心理的安全性とは? 心理的安全性と責任との関連、Google社の成功事例

Google社の試みで大きな役割を果たしたという「心理的安全性」とは、何を指すのでしょうか。Google社の試みと心理的安全性の意味や関連する出来事を紹介します。

「心理的安全性」とは?

心理的安全性とは、開かれた雰囲気とそれに伴う安心や共感、理解といった穏やかな空気のことです。近年、生産性向上における重要なカギとして、各所で取り上げられています。

具体的にいえば、開かれた雰囲気とは、「意見や思考を開示しやすい」というもの。また、これは単に「言いやすい」だけでなく、「各自が自分をさらけ出せる」「自然に自分をさらけ出している」という状態も重要です。言いやすい状況でおのおのが自分をさらけ出していれば、メンバー同士の理解が進みます。

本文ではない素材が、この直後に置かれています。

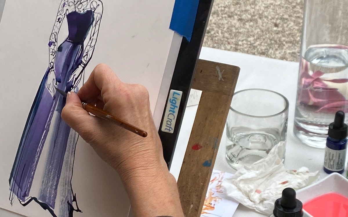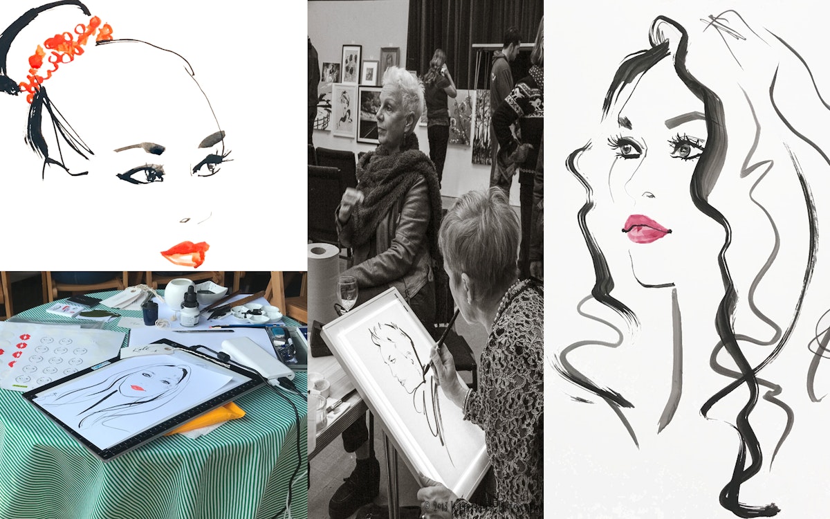 I have over 30 years experience as a fashion illustrator. The best fashion portraits are done using few lines so the more confident the brush work, the better the finished result! I look at my guest and see what is beautiful about them- leaving out double chins and wrinkles! I don't lie about how people look but I choose to omit some features or soften them with more gentle, sensitive lines where necessary.

また、そこから共感や安心、配慮が自然と芽生えます。こうした、心理的に「ここ」は安全だと感じる雰囲気のことを心理的安全性と呼ぶのです。

また、心理的安全性が保たれることで、何かを行う際にひとりひとりがその出来事についてより一層「自分ごと」として考えるという利点もあり、これらも生産性の向上に一役買っています。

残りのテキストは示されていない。